The complexity of public procurement process creates opportunities that perpetrators exploit for their advantage, especially when the process employs a manual or face-to face system. This situation led to initiatives to transform public procurement into an electronic process to minimize interactions between parties and to eventually closing the gaps for corruption.
According to Salusra Widya, the Principal Secretary of the NPPA, direct purchase or e-purchasing represents one of the government’s endeavors to prevent fraud and corruption in public procurement. Additionally, this method is considered effective in expediting procurement process without compromising accountability.
At the same time, ministries/state institutions/local governments (together referred to as buyers) are mandated to use e-purchasing in the procurement of goods and services that are relevant to national and/or strategic interests adopted by a Minister, Head of Institution, or Head of Region.
To promote the uptake of e-purchasing, in 2022 the government through the NPPA targeted to expand the number of products in e-catalogues to 1,000,000 (one million) items with a focus on domestic products. With more commodities available on the catalogues, buyers will have more flexibility in their purchase decisions.
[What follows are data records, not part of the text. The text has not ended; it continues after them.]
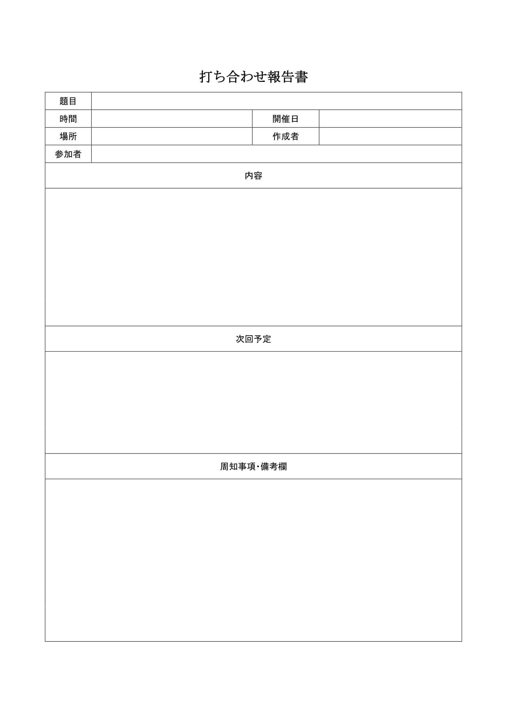 シンプルで使いやすい打ち合わせ報告書のテンプレート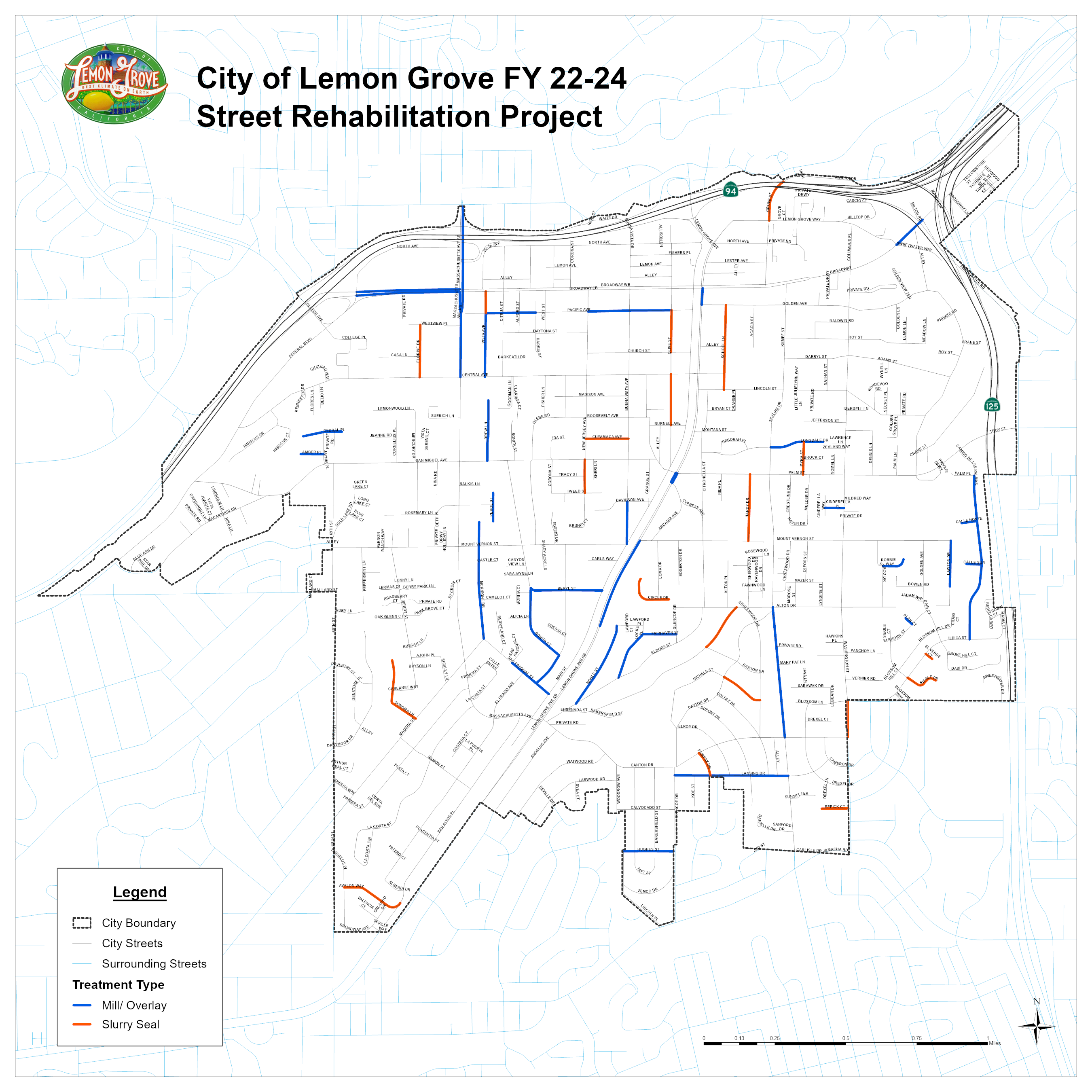 The FY 22-24 Street Rehabilitation Project was bid in the Fall of 2024 and awarded to Eagle Paving for construction on November 19, 2024. The Project is funded using funds from the American Rescue Plan Act (ARPA), Senate Bill 1, TransNet, and City General Funds.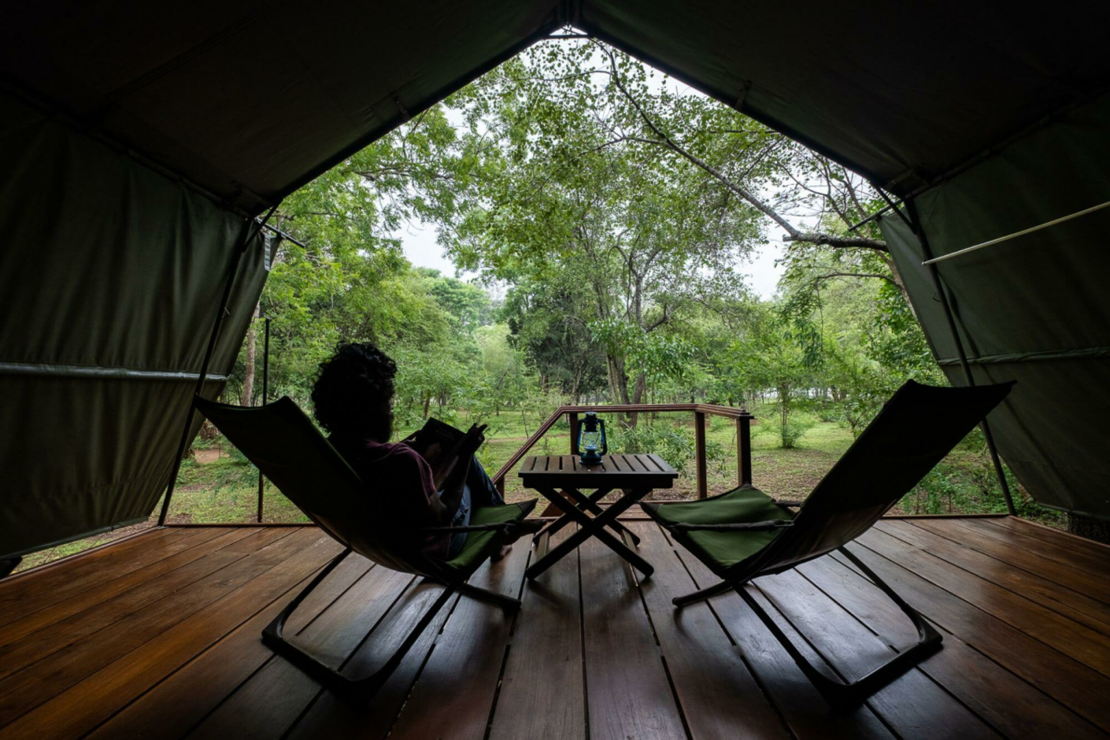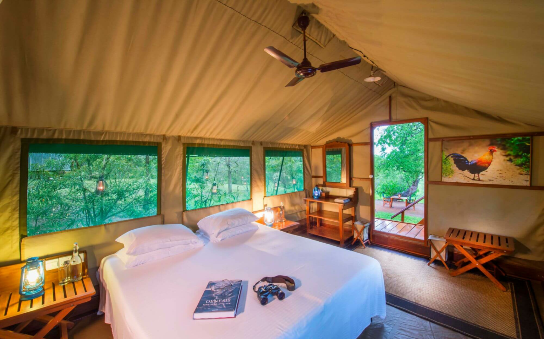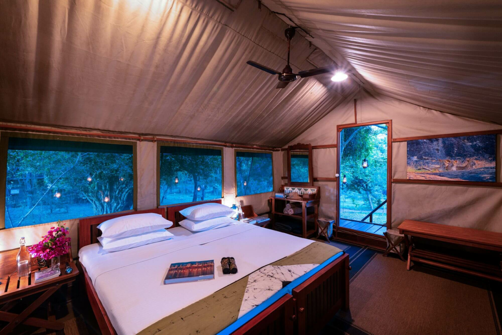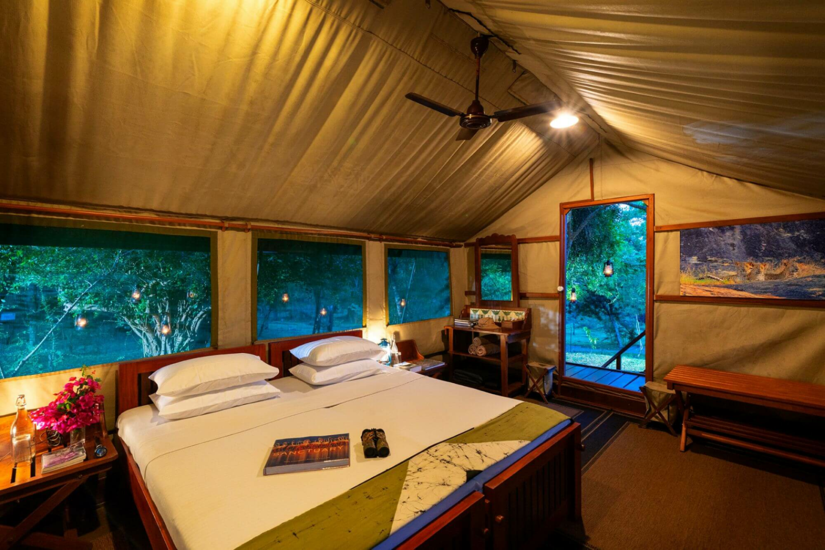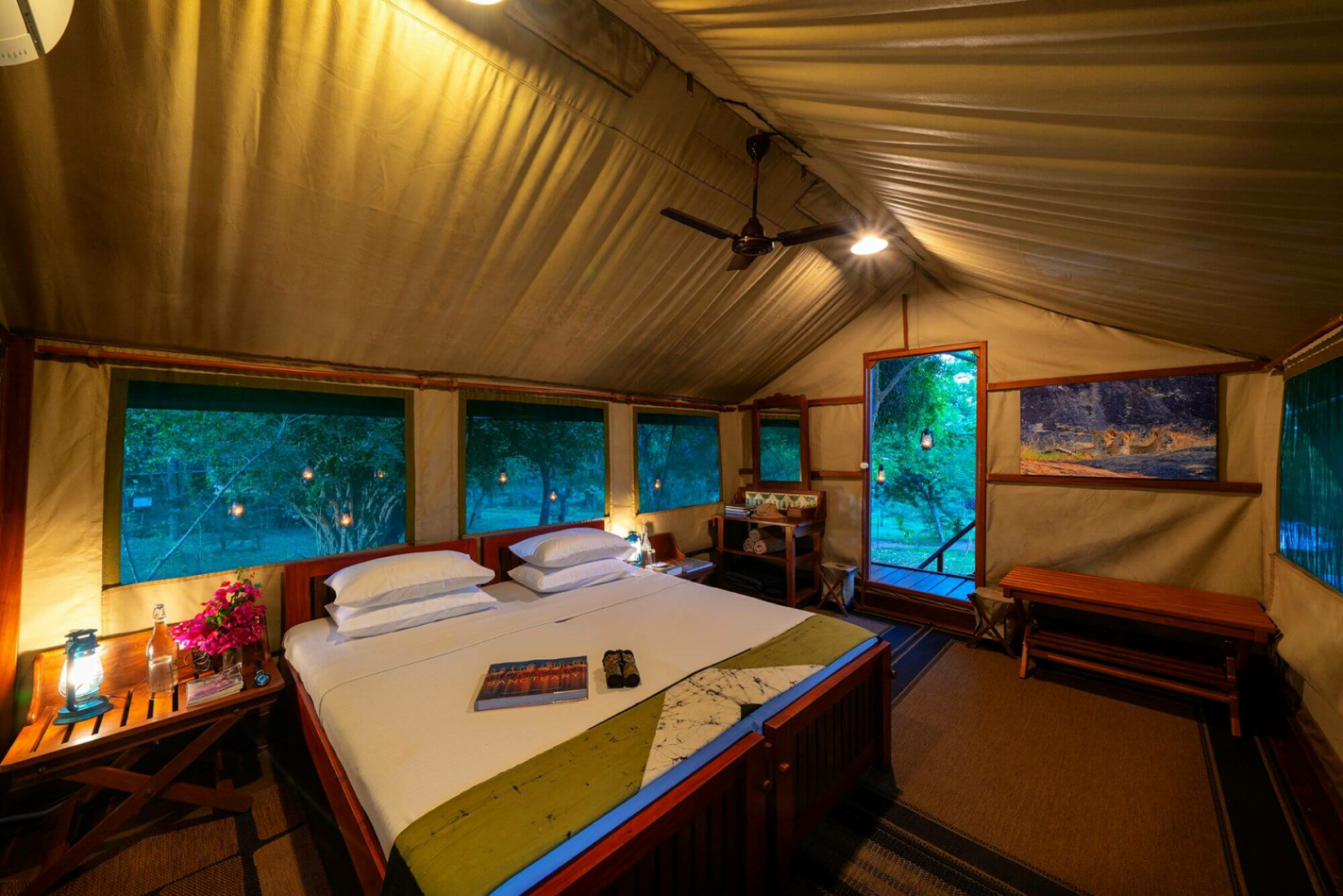 Alle 12 Safarizelte sind für srilankische Verhältnisse ziemlich luxuriös und stehen leicht erhöht auf Holzplattformen. Sie verfügen über eine private Veranda mit Stühlen und haben eine überraschend komfortable Innenausstattung mit einem großen Bett, Stauraum und eigenem Bad.

With respect to the NPPA’s annual state of procurement report, the number of purchasing transactions in the last three years made up 10 per cent of the total public procurement. The total procurement packages and cumulative transaction values in 2019 were 345,557 packages and Rp69.2 trillion; 295,532 packages and Rp49.5 trillion6 in 2020; and 228,207 packages and Rp49.7 trillion in 2021.
While e-purchasing method is gaining traction, research that is focused on mapping fraud potentials in this particular method was yet to be conducted. This study is therefore pertinent for the government to formulate systems or policies to detect fraud in e-purchasing.